Add a Hello Robin Cookie Shop
This suggestion comes from Seattle Met food expert Allecia Vermillion, and we can't say it more succinctly than she: "Great to bring as gifts, or stuff in your face in flight." Sure, local shops have been popping up in the airport over the past decade, everything from the Sub Pop record store to Filson to Elliott Bay Book Company. But a few more truly indie outposts would be appreciated—just imagine where an airport Dick's would rank. (Cooper says the airport gets that specific request a lot.)
Build a Skybridge to the N Gates
In 2022, a massive new structure debuted, linking the South Satellite to the central terminal. The 780-foot aerial walkway is the world's largest building over an active taxi lane, and now allows international arrival passengers to stroll to customs rather than wait for the internal train. Can we get one to the North Satellite, please?
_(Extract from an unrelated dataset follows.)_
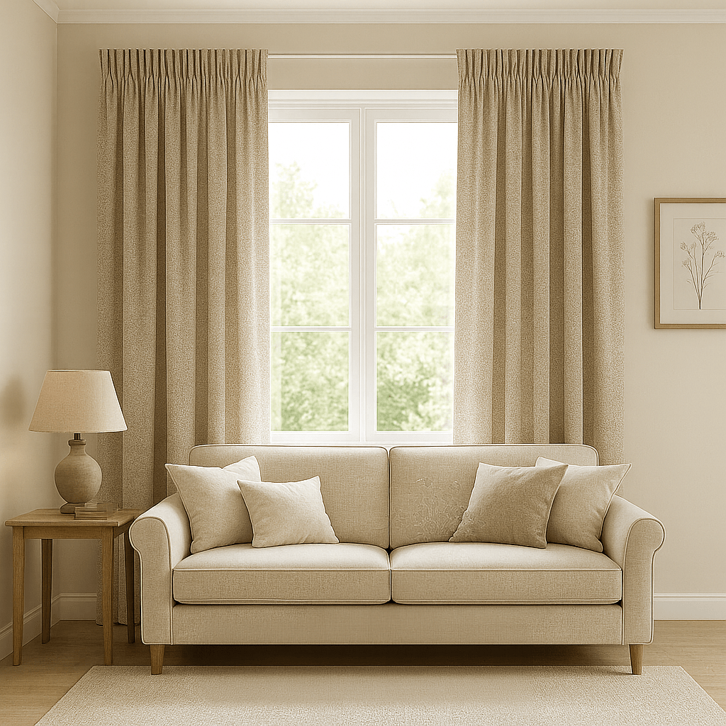 La confección fruncida se realiza mediante la utilización de cintas fruncidoras que permiten recoger el tejido de forma regular, generando pliegues continuos y simétricos. Dependiendo del tipo de cinta, se puede obtener diferentes proporciones de fruncido, generalmente entre 1/2, 1/2.5 o 1/3, garantizando un volumen equilibrado y una caída estable. Este sistema es especialmente adecuado para tejidos ligeros y medianos, ofreciendo una presentación clásica y funcional compatible con barras y rieles.

A people mover is being considered in the master plan, which is a fun name but less appealing.
Build an App for Boarding
In the tech hub of Seattle, it's nuts that we haven't used technology to solve the issue of crowding around a gate to hear if our boarding group is up yet. With so many passengers (nearly 46 million last year) it can be impossible to hear audio announcements. Airport or airlines, we don't care who—give us an app that pings us when we're three minutes out from being allowed aboard, and we can chill at the next empty gate and avoid the cattle call.
Hand Out Freebies
Airports, Seattle's included, have long since become shopping malls of a sort. But a few essentials should be free. In the age of Covid, why not have kiosks handing out masks for when you change your mind about going free-faced on a long haul flight? Or earplugs, for when you arrive at the gate and hear the telltale wail of a distressed baby (or the chatter of a loud talker you just know will end up next to you). Small packages of wet wipes for cleaning off infamously germy tray tables. Sure, there's a cost—but the health and sanity benefits would be huge.